» DATA SHOWN
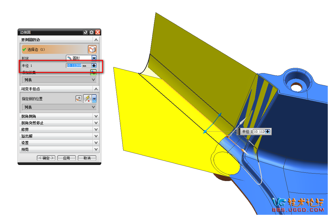 3.用“幾(jǐ)何屬性”命令測量兩個麵之間的R角是多少,並(bìng)且將R角的數據複(fù)製下(xià)來(lái),然後用“邊倒圓”命令將R角(jiǎo)倒上,粘貼R角的數據到半徑1對話框中,確定(dìng)
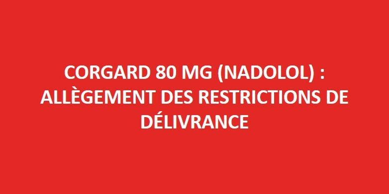 À compter du 19 janvier 2024, au vu des stocks actuels, la délivrance n’est plus limitée à ces indications. Corgard peut désormais aussi être prescrit et dispensé pour prévenir tous les troubles du rythme ventriculaire. Le maintien du traitement alternatif dans les autres indications reste recommandé tant que des tensions d’approvisionnement en Corgard persistent. Cette situation devrait perdurer jusqu’au mois de mars, période où le niveau des approvisionnements doit redevenir normal.
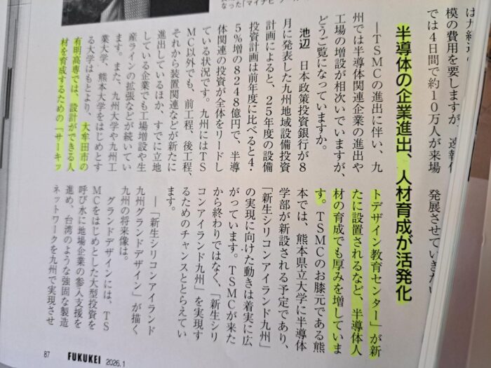 ふくおか経済、2026年1月号で、九経連の池辺会長(九電会長)の言葉として有明高専サーキットデザイン教育センター(CDEC)が紹介されました。
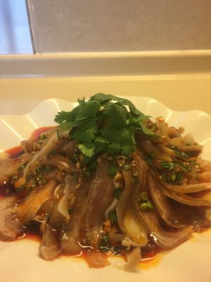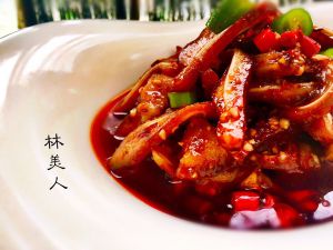 罗汉笋垫底,猪耳朵摆成大风车,味汁可淋入或搅拌均匀,装盘开吃了
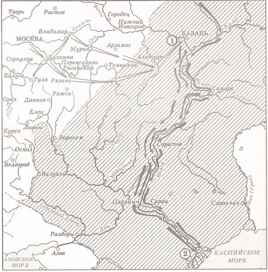 «В июне после тщательной подготовки начался последний поход на Казань. Во главе русской армии, насчитывавшей 150 тыс. чел., находился сам царь. В походе успешно участвовало также недавно учрежденное стрелецкое войско. Мордвины и чуваши служили во вспомогательных отрядах. Первоначально войска из Коломны двинулись к Мурому (царь с 3 полками) и в район Рязани (3 полка во главе с князем И. Ф. Мстиславским и др.). Во 2-й декаде июля к Казани на судах отправилась артиллерия из Нижнего Новгорода. В это же время полки главной армии выступили из Рязани и Мурома. Войско соединилось близ города __________ на берегу реки Суры».
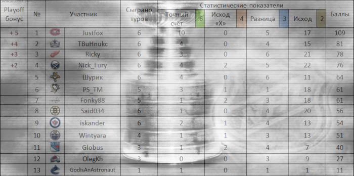 Wintyara @ 21.12.2011 Nick, в общей таблице указано, что я угадал точный счет только 1 раз, а в прошедшем туре я это сделал 2 раза. :) Ошибка вероятно.
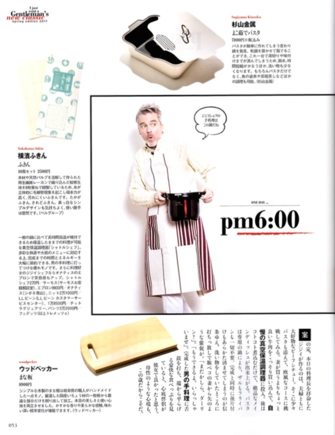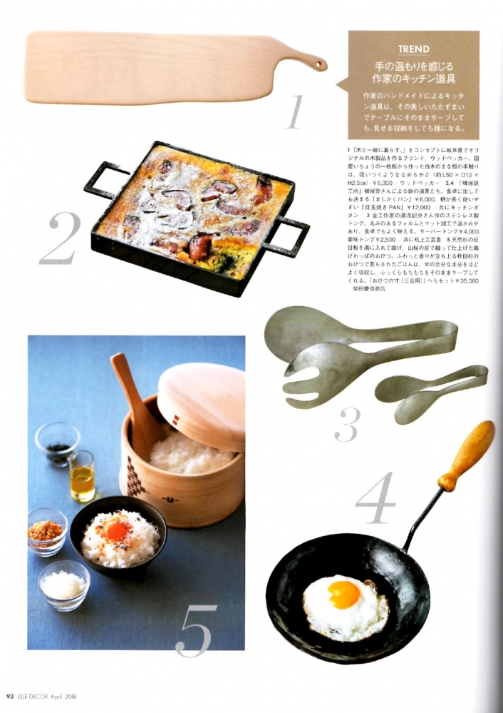 「器とキッチン道具もトレンドであそぼう!」(P93)にて「いちょうの木のまな板 ロング」をご紹介いただきました。
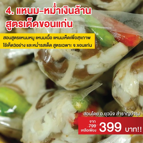 4. แหนม-หม่ำเงินล้าน สูตรเด็ด จ.ขอนแก่น สอนสูตรแหนมหมู แหนมเนื้อ แหนมเห็ดเพื่อสุขภาพ ใช้เห็ด3อย่าง และหม่ำรสเด็ด สูตรเฉพาะ จ.ขอนแก่น สอนโดย อ.ยุวนิจ สำราญบำรุง จาก 799 บาท เหลือเพียง 399 บาท
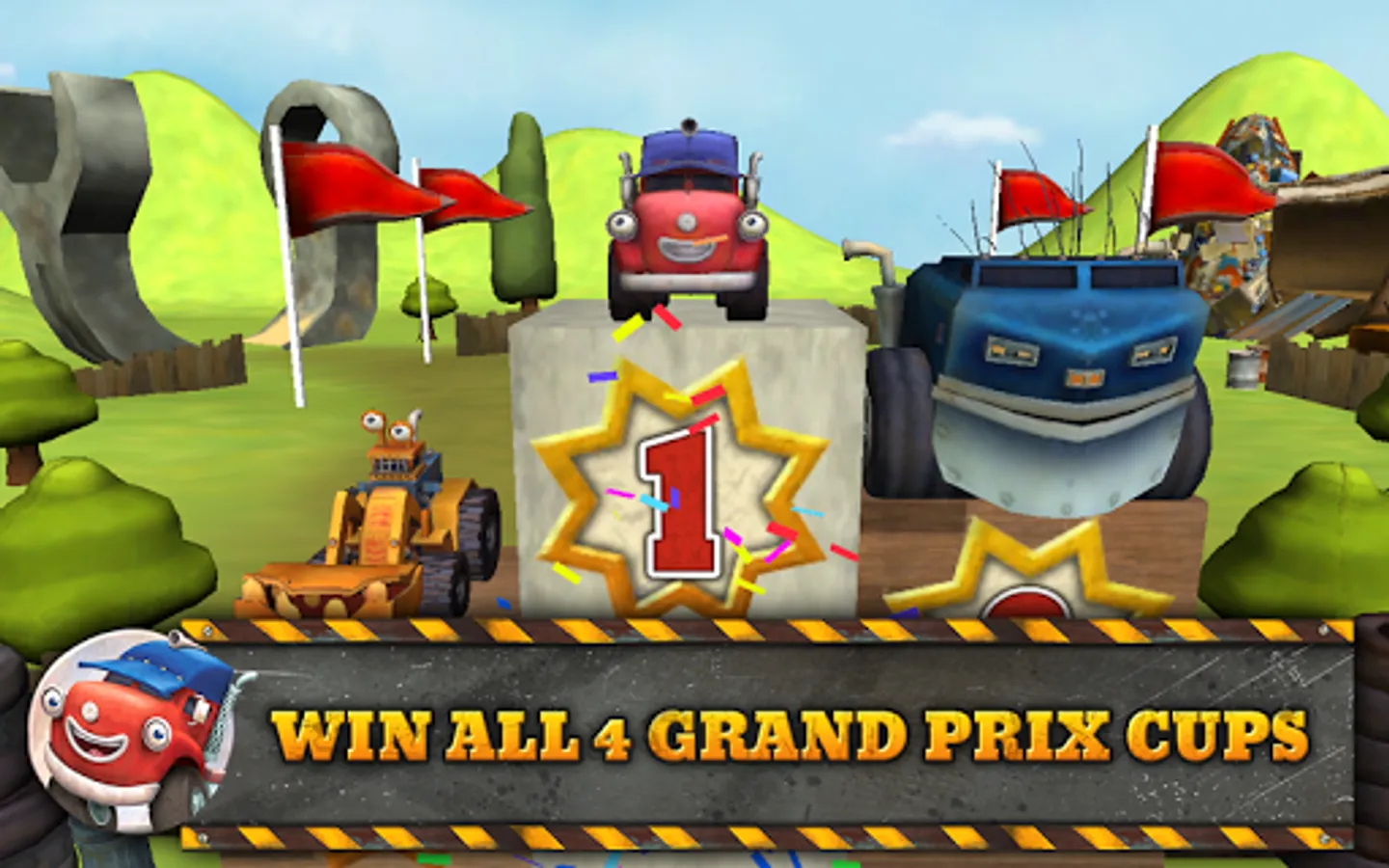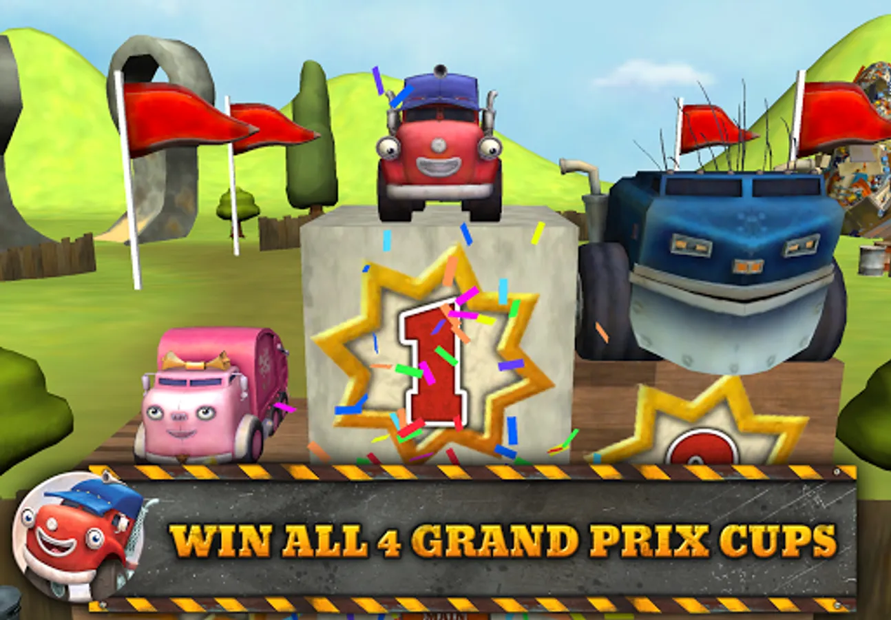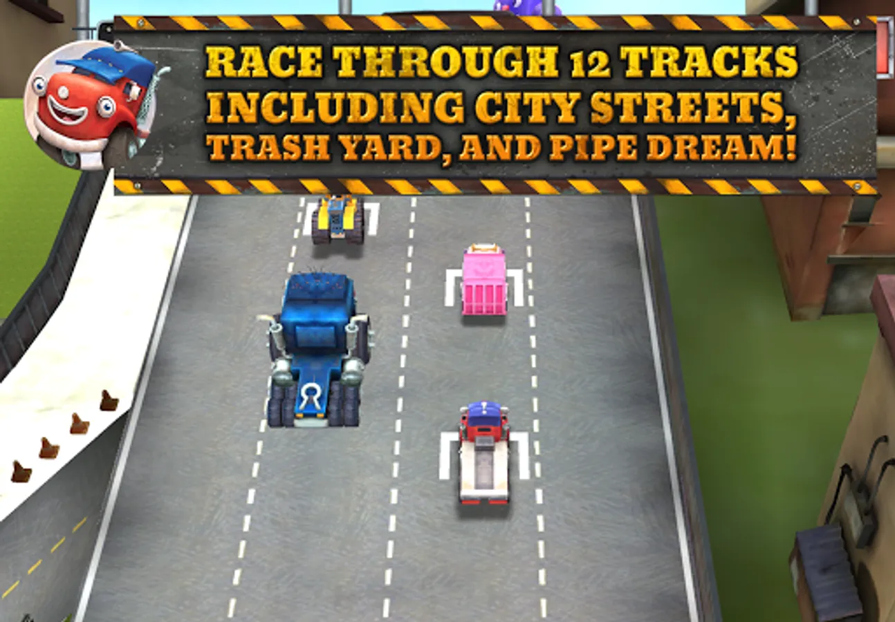 Race with your favorite Trucktown characters as you skid, swerve, and speed through each track to claim victory and win the tournament cups! Outsmart your opponents by collecting speed boosts, smashing into others, and outmaneuvering each racer.
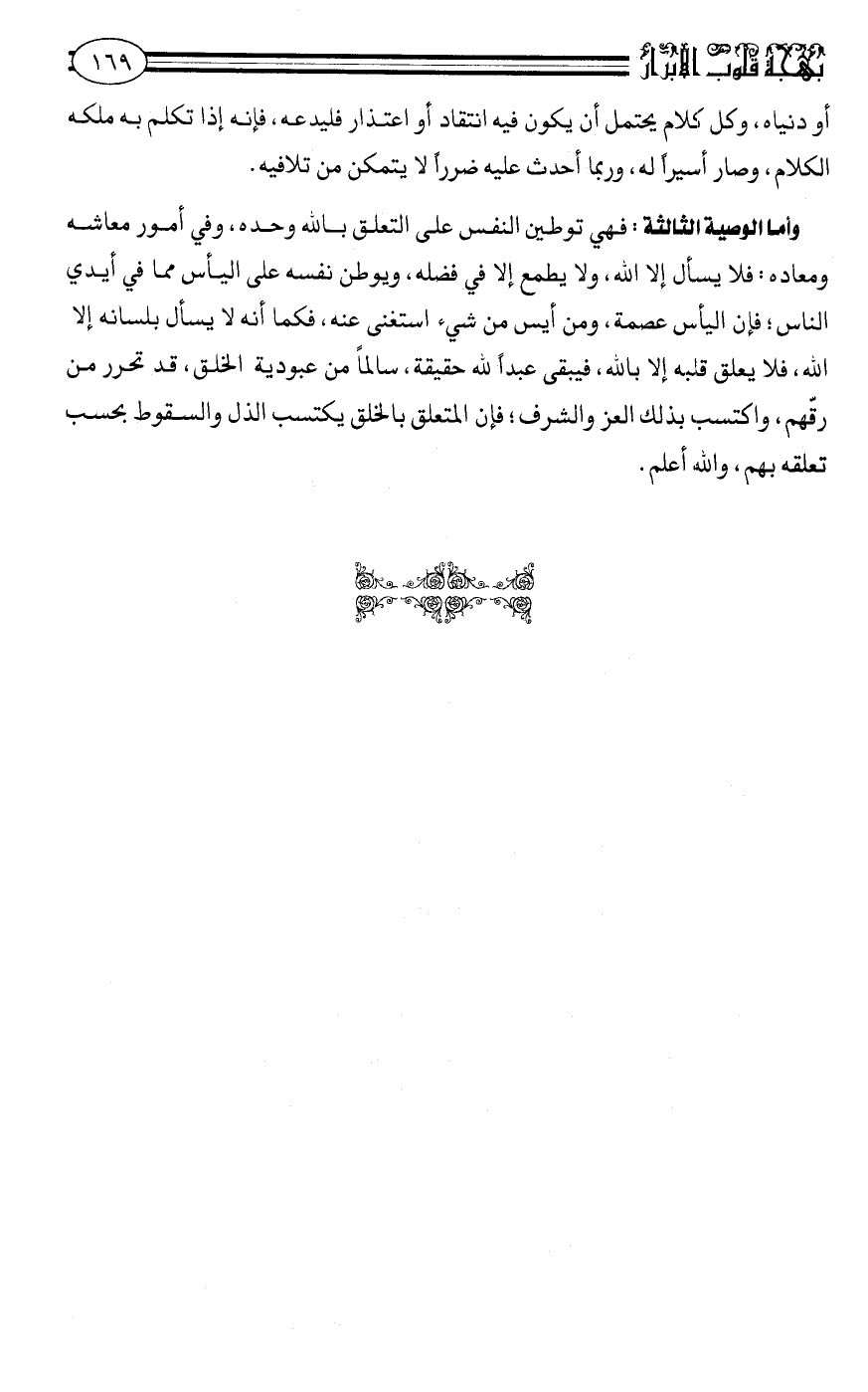 وأما الوصية الثالثة: فهي توطين النفس على التعلق بالله وحده، في أمور معاشه ومعاده، فلا يسأل إلا الله، ولا يطمع إلا في فضله. ويوطن نفسه على اليأس مما في أيدي الناس؛ فإن اليأس عصمة. ومن أيس من شيء استغنى عنه. فكما أنه لا يسأل بلسانه إلا الله، فلا يعلق قلبه إلا بالله. فيبقى عبداً لله حقيقة، سالماً من عبودية الخلق. قد تحرر من رقِّهم، واكتسب بذلك العز والشرف؛ فإن المتعلق بالخلق يكتسب الذل والسقوط بحسب تعلقه بهم. والله أعلم.
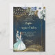 Download instantâneo do modelo de convite para recepção de casamento de brilhante marinho de ouro azul . Casal dançante, flores azuis empoeiradas, luzes de fadas.
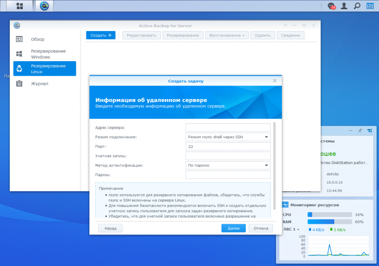 Для таких ситуаций компания предлагает модуль Active Backup for Server. Он позволяет создавать задания резервного копирования данных с серверов в локальной сети на самом сетевом накопителе — с Windows по SMB (поддерживается также Windows VSS) и с Linux по rsync или SSH. Решение поддерживает несколько режимов, работу по расписанию, установку фильтров на типы файлов и другие опции.
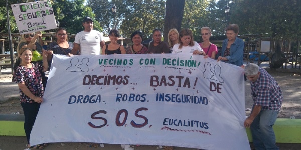 Vecinos del barrio Los Eucaliptus, de Quilmes Oeste, se trasladaron hasta el centro de la ciudad para denunciar el persistente accionar de bandas narcos en ese lugar.
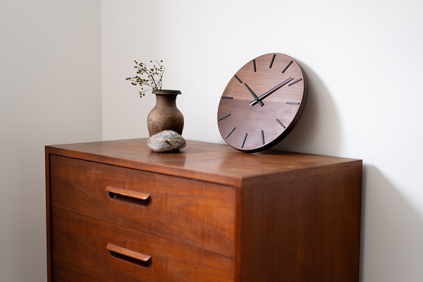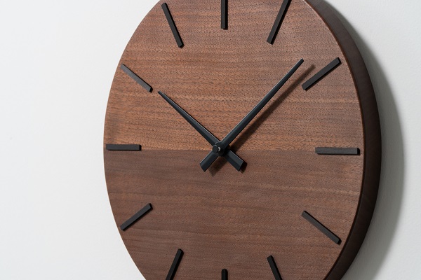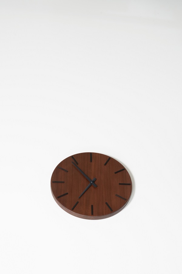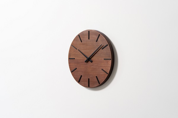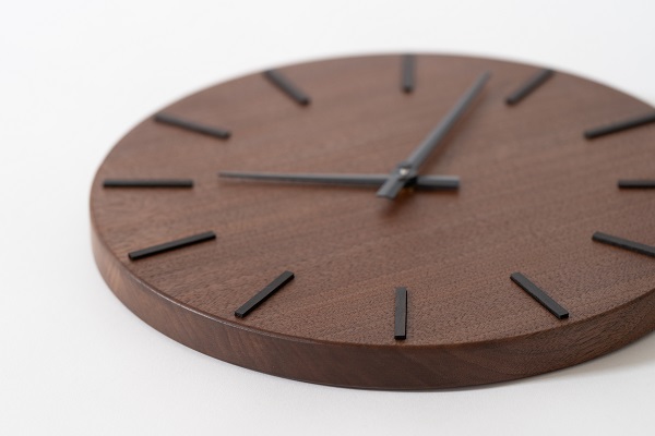 静謐な佇まいの中に品格あるアクセントを忍ばせ、天然木の豊かな表情が時計の顔として静かに際立ちます。

» WHAT YOU WILL DO
Working from the material above, transcribe it exactly while omitting pictures.

» EXPECTED ANSWER
 3.用“幾(jǐ)何屬性”命令測量兩個麵之間的R角是多少,並(bìng)且將R角的數據複(fù)製下(xià)來(lái),然後用“邊倒圓”命令將R角(jiǎo)倒上,粘貼R角的數據到半徑1對話框中,確定(dìng)
 À compter du 19 janvier 2024, au vu des stocks actuels, la délivrance n’est plus limitée à ces indications. Corgard peut désormais aussi être prescrit et dispensé pour prévenir tous les troubles du rythme ventriculaire. Le maintien du traitement alternatif dans les autres indications reste recommandé tant que des tensions d’approvisionnement en Corgard persistent. Cette situation devrait perdurer jusqu’au mois de mars, période où le niveau des approvisionnements doit redevenir normal.
 ふくおか経済、2026年1月号で、九経連の池辺会長(九電会長)の言葉として有明高専サーキットデザイン教育センター(CDEC)が紹介されました。
 罗汉笋垫底,猪耳朵摆成大风车,味汁可淋入或搅拌均匀,装盘开吃了
 «В июне после тщательной подготовки начался последний поход на Казань. Во главе русской армии, насчитывавшей 150 тыс. чел., находился сам царь. В походе успешно участвовало также недавно учрежденное стрелецкое войско. Мордвины и чуваши служили во вспомогательных отрядах. Первоначально войска из Коломны двинулись к Мурому (царь с 3 полками) и в район Рязани (3 полка во главе с князем И. Ф. Мстиславским и др.). Во 2-й декаде июля к Казани на судах отправилась артиллерия из Нижнего Новгорода. В это же время полки главной армии выступили из Рязани и Мурома. Войско соединилось близ города __________ на берегу реки Суры».
 Wintyara @ 21.12.2011 Nick, в общей таблице указано, что я угадал точный счет только 1 раз, а в прошедшем туре я это сделал 2 раза. :) Ошибка вероятно.
 「器とキッチン道具もトレンドであそぼう!」(P93)にて「いちょうの木のまな板 ロング」をご紹介いただきました。
 4. แหนม-หม่ำเงินล้าน สูตรเด็ด จ.ขอนแก่น สอนสูตรแหนมหมู แหนมเนื้อ แหนมเห็ดเพื่อสุขภาพ ใช้เห็ด3อย่าง และหม่ำรสเด็ด สูตรเฉพาะ จ.ขอนแก่น สอนโดย อ.ยุวนิจ สำราญบำรุง จาก 799 บาท เหลือเพียง 399 บาท
 Race with your favorite Trucktown characters as you skid, swerve, and speed through each track to claim victory and win the tournament cups! Outsmart your opponents by collecting speed boosts, smashing into others, and outmaneuvering each racer.
 وأما الوصية الثالثة: فهي توطين النفس على التعلق بالله وحده، في أمور معاشه ومعاده، فلا يسأل إلا الله، ولا يطمع إلا في فضله. ويوطن نفسه على اليأس مما في أيدي الناس؛ فإن اليأس عصمة. ومن أيس من شيء استغنى عنه. فكما أنه لا يسأل بلسانه إلا الله، فلا يعلق قلبه إلا بالله. فيبقى عبداً لله حقيقة، سالماً من عبودية الخلق. قد تحرر من رقِّهم، واكتسب بذلك العز والشرف؛ فإن المتعلق بالخلق يكتسب الذل والسقوط بحسب تعلقه بهم. والله أعلم.
 Download instantâneo do modelo de convite para recepção de casamento de brilhante marinho de ouro azul . Casal dançante, flores azuis empoeiradas, luzes de fadas.
 Для таких ситуаций компания предлагает модуль Active Backup for Server. Он позволяет создавать задания резервного копирования данных с серверов в локальной сети на самом сетевом накопителе — с Windows по SMB (поддерживается также Windows VSS) и с Linux по rsync или SSH. Решение поддерживает несколько режимов, работу по расписанию, установку фильтров на типы файлов и другие опции.
 Vecinos del barrio Los Eucaliptus, de Quilmes Oeste, se trasladaron hasta el centro de la ciudad para denunciar el persistente accionar de bandas narcos en ese lugar.
 静謐な佇まいの中に品格あるアクセントを忍ばせ、天然木の豊かな表情が時計の顔として静かに際立ちます。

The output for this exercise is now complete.